REFORM OF MENTAL HEALTH LEGISLATION AND CARE IN ARMENIA/CEE

In communist countries the situation with advocacy for persons with mental disabilities totally differs from one in the civil societies. There was neither a legal system nor a civil tradition to advocate for the rights of persons with mental disabilities. The mental health care system was designed in a way, that the corner stones of system – in-patient psychiatric institutions - regards their mission more to punish than to care or help. Persons with mental disabilities were seen as a people, who has to be isolated from the society and their life were under the strong control of so called “dispensers”. Moreover, in former Soviet Union there was not even legislation to regulate the field of mental health. The basic human rights of these people were violating in every step of their lives: it is written a lot about psychiatric abuse in political reasons in countries of the region, there is an awareness that there was a serious abuse and violation of rights of persons with mental disabilities on a social and economical levels. But there is another very important right, from which persons with mental disabilities were deprived – the right of being a part of the society, to participate equally with others in everyday life. In the communist era a majority of persons with mental disabilities were kept in institutions, far away from communities, under vigilant control of personnel, with trampled dignity, were so called “instructions” gave a extraordinary authority to the personnel.
Similar was the situation in mental health services throughout Eastern and Central Europe. Although, in some of the countries of that part of the region there was some legislation, regulating rights of persons with mental disabilities, the situation with observation of human rights was practically the same as in USSR and the basis of system was segregation.
Since perestroyka starts, because of publication of facts of political abuse in psychiatry, in 1988 order of Minister of Health of USSR was issued. This document for the first time in this part of world regulates the mental health issues.
Later, with global process of transition in this region, situation with advocacy for persons with mental disabilities started to change and now it differs from country to country. Some countries of Eastern and Central Europe revised their existing legislation, some created new, in some countries advocates proposed the drafts of the law, in some although there is modern law situation with observation of elementary human rights becomes worse. But still, the system of services for persons with mental disabilities do not satisfy the most important demand of advocacy groups – transition from segregative care system to community based services. International and governmental agencies were trying to facilitate the living conditions of persons with mental disabilities by providing food and shelter to the needy. But not much had been done to assist them in the process of integration and adaptation into society. Only in a few countries of the region there are community-based services for persons with mental disabilities. In others even small pilot services do not exist. This violates the most important right of persons with mental disabilities – integration into community and caused complete isolation of from the communities. Isolation caused new psychological and social problems. Lack of wide range of community-based services is the serious problems for persons with mental disabilities.

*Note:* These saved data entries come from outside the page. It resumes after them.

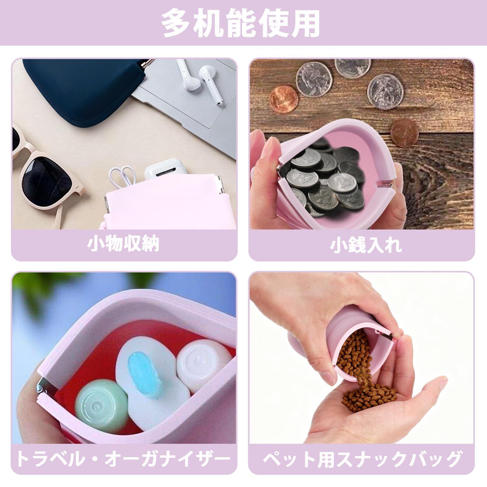 【おしゃれで多用途】 シンプルでおしゃれなデザインは日常使いにもぴったり。小さなおやつから大きめのビスケットまで幅広く収納可能。広めの開口部と柔らかいシリコン素材により、出し入れもラクラク。また、コインケースや鍵入れとしても使用できる多機能アイテムです。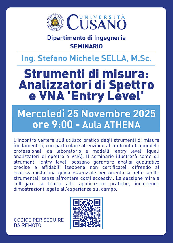 25/11/2025 Seminario Strumenti di misura: Analizzatori di Spettro e VNA ‘Entry Level’ L’incontro verterà sull’utilizzo pratico degli strumenti di misura fondamentali, con…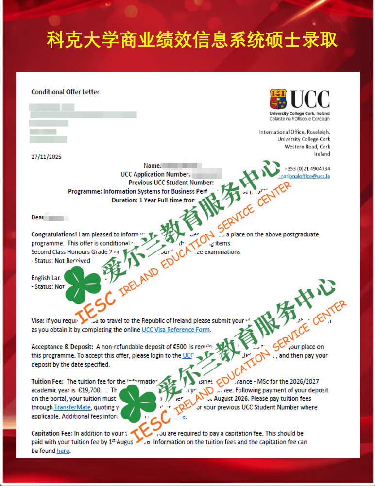 来自马来西亚理科大学英语专业的本科同学,顺利获得了爱尔兰科克大学(University College Cork)企业绩效信息系统课程 (MSc Information Systems for Business Performance)条件录取通知书, 条件一为语言成绩达标(雅思总分6.5,单项6.0); 条件二为本科最终成绩达到2等2同等水平。
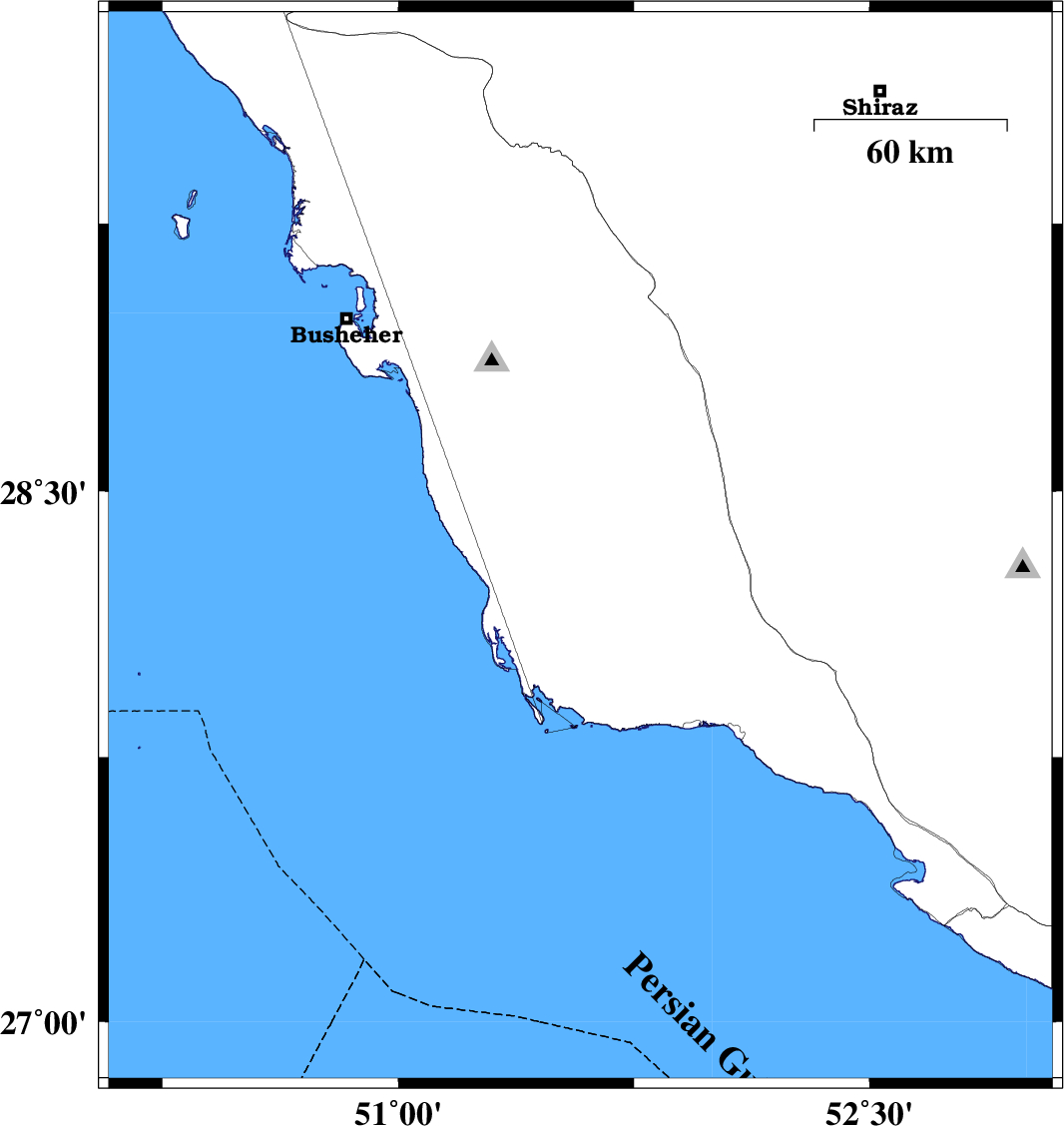 | 2014/08/15 | 14:48:05.1 | 19:18:05.1 | 28.34 | 51.58 | 14 | ML4.5 | Bushehr Province, 40 km South-East of Khormog | ||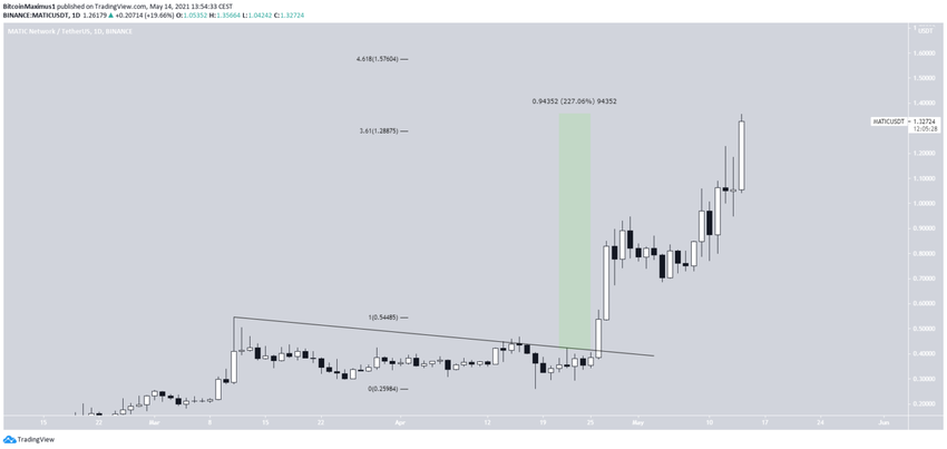 MATIC rośnie od czasu wyjścia z opadającej linii oporu 26 kwietnia. Od tego czasu wzrósł o 227%, co doprowadziło do nowego rekordowego poziomu 1,356 USD, który został osiągnięty 14 maja.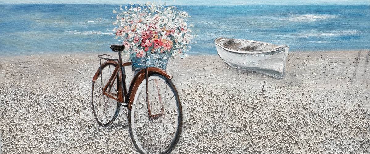 Stylový obraz Z713 65x150 cm vás zahrne idylkou letního odpoledne. Každý den vás může takto těšit na stěně klasického nebo moderního interiéru. Obrazy Bubola e Naibo jsou ručně malovány umělci z celého světa. Horizontálně orientované plátno tvaru obdélníku zobrazuje jízdní kolo s košíkem květin a dřevěnou loďku na písečné pláži na břehu moře. Vyveden je v elegantně decentních a tlumených vodových tónech, které se vám budou v rámci prostoru nádherně ladit. Pozoruhodná jsou také jemně zrnitá struktura povrchu, díky které obraz získává na autenticitě. Pusťte si domů nebo do kanceláře umění, které inspiruje a povznáší duši. Plátno lze objednat bez rámu nebo s rámem dle vašeho výběru z katalogu.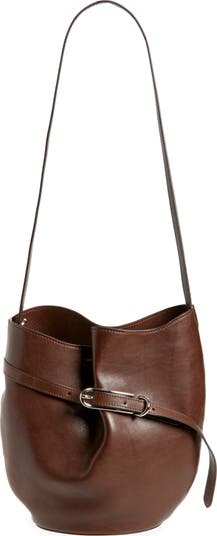 A slender buckle cinches the spacious silhouette of this leather bucket bag that's aesthetic and practical making it a great pick for both workdays and weekends.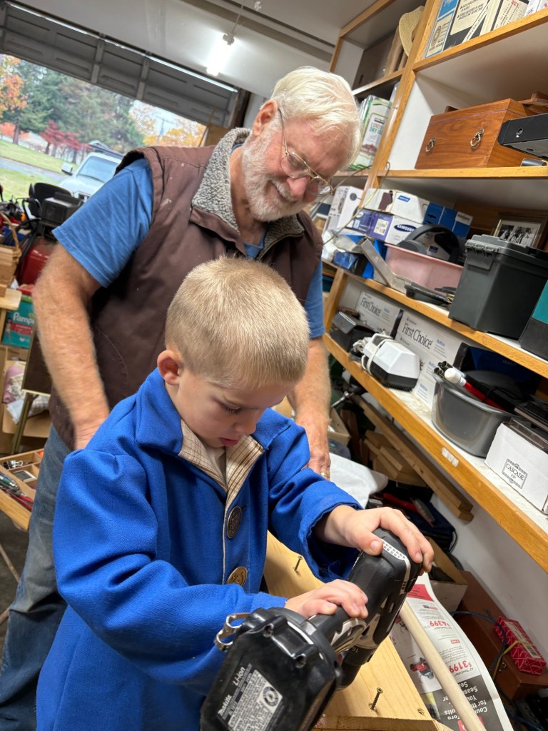 Halloween we were up at Enumclaw in Papa’s shop. Seppi wanted to finish this with Papa, so we brought all the pieces up.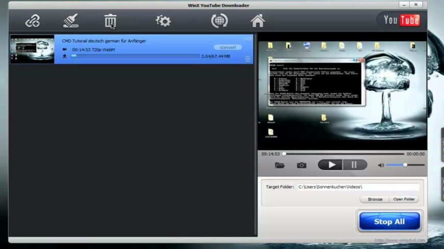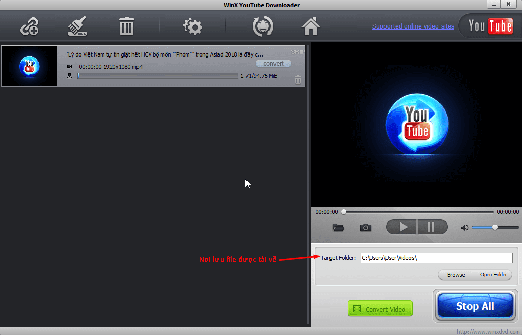Bước cuối cùng, bạn bấm nút DOWNLOAD trên phần mềm và chờ vài phút. WinX Youtube Downloader sẽ tiến hành tải về cho các bạn rồi lưu trong folder ở phần Target Folder
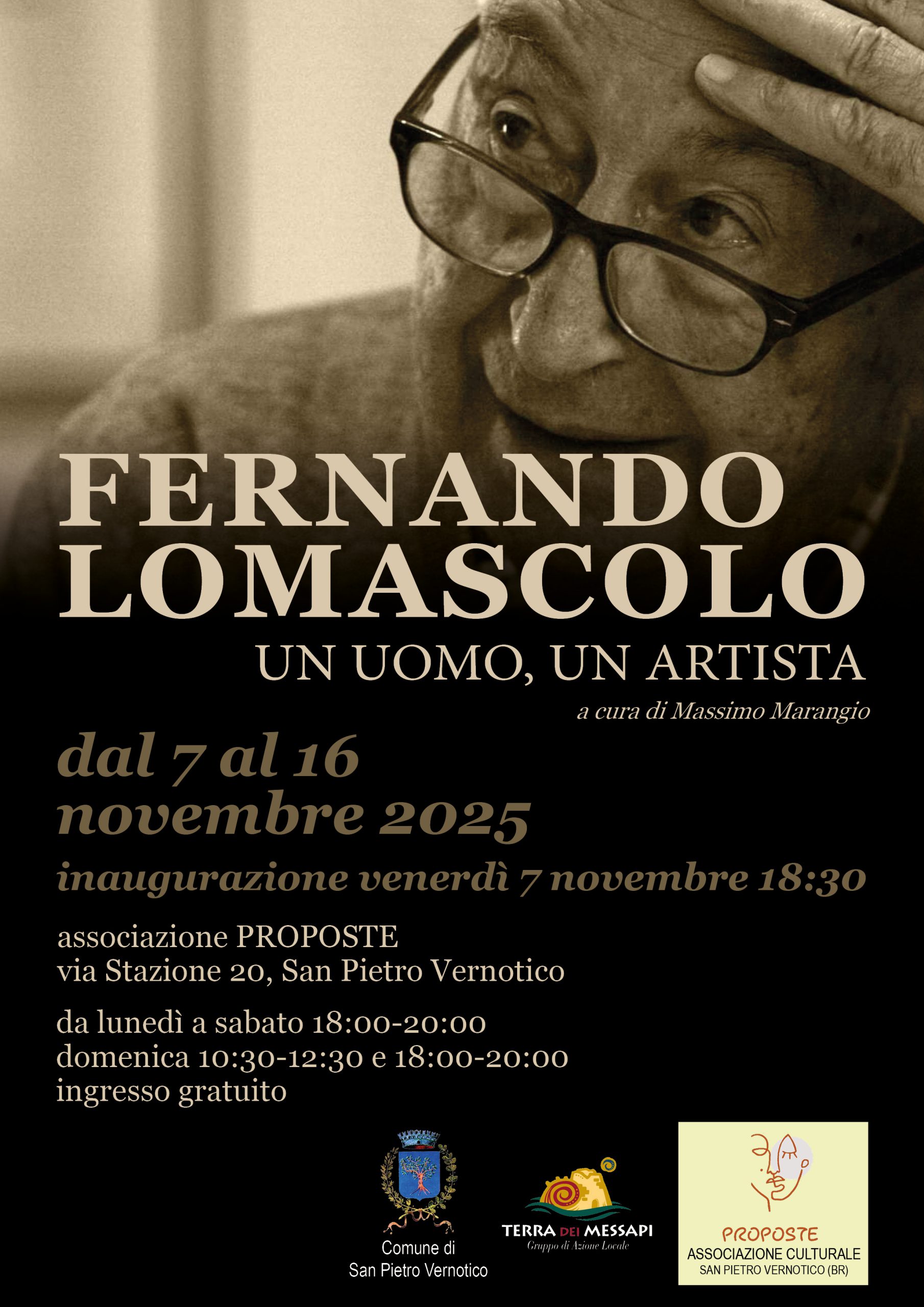 Un tributo al talento, alla passione e all’impegno di un uomo che ha saputo intrecciare arte e vita, lasciando un segno profondo nella comunità. È questo lo spirito della mostra “Fernando Lomascolo: un uomo, un artista”, che sarà presentata mercoledì 5 novembre 2025, alle ore 9:00, nella Sala Consiliare del Comune di San Pietro Vernotico, nel corso di una conferenza stampa organizzata dall’Associazione Culturale “Proposte”, con il patrocinio del GAL Terra dei Messapi e dell’Amministrazione Comunale.
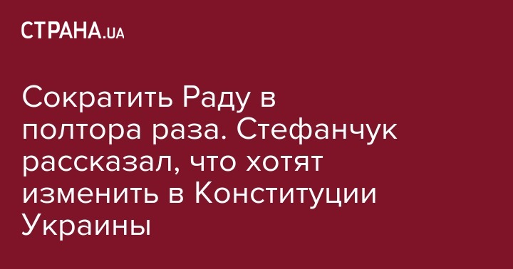 Сократить Раду в полтора раза. Стефанчук рассказал, что хотят изменить в Конституции Украины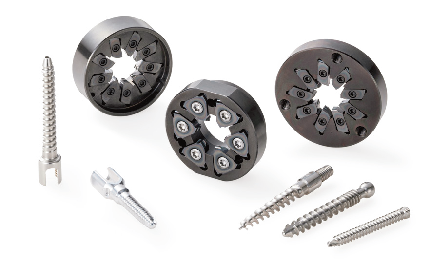 TW系列(见图2)是为了实现医疗行业及航空航天领域等高效率螺纹加工需求而开发的旋风铣刀。根据用途不同,有两种类型的产品可供选择,分别是重视效率的L型和重视性价比的T型。可对应多种设备(例如西铁城,星昂,津上等)。可对应多种螺纹加工,刀片可根据螺纹形状进行非标对应。采用强韧母材,可抑制崩损,耐热性好。与特殊涂层组合,可实现稳定加工。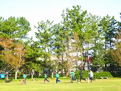 7時30分には、ウォーミングアップでコースの下見と体ならしをしました。

The research will cover the following areas:
review and comparative analysis of mental health legislation in Eastern and Central Europe and former USSR
review and comparative analysis of existing system of care for persons with mental disabilities in Armenia, Hungary, Poland.
summarizing of experience of community based services and activities of advocacy organizations for persons with mental disabilities in the region
design of new advocacy strategies appropriate for the region.

Researches show that the countries with law GDP and permanent lack of finances, poverty and high level of criminality, plenty of vulnerable groups have difficulties with observation of human rights in general, and in mental health in particular.
Countries in the transition are changing the whole system of mental health services and establish new services at the same time legislative reforms. Lack of mental health legislation creates serious risks for persons with mental disabilities. The basic principles of mental health legislation are stated in UN Resolution 46/119 adopted on 18 February 1992 and in “Ten Basic Principles of Mental Health Care Law” of World Health Organization. Other important standards are stated in UN Resolution “Equal Opportunities for Persons with Disabilities” and some European Council documents.

The law itself and the implementation of law are different processes. Even the existing legislation framework does not solve the problems with advocacy for persons with mental disabilities. More efforts have to be done to enforce legislation and to implement law into everyday life. Human rights in mental health is more large than good, democratic legislation, which fits in any and every international human rights standards. Adoption of new law is the first and easiest step on the long path of reforming of services for persons with mental disabilities in the transition. Law could be only the paper if strong advocacy will not forced its implementation.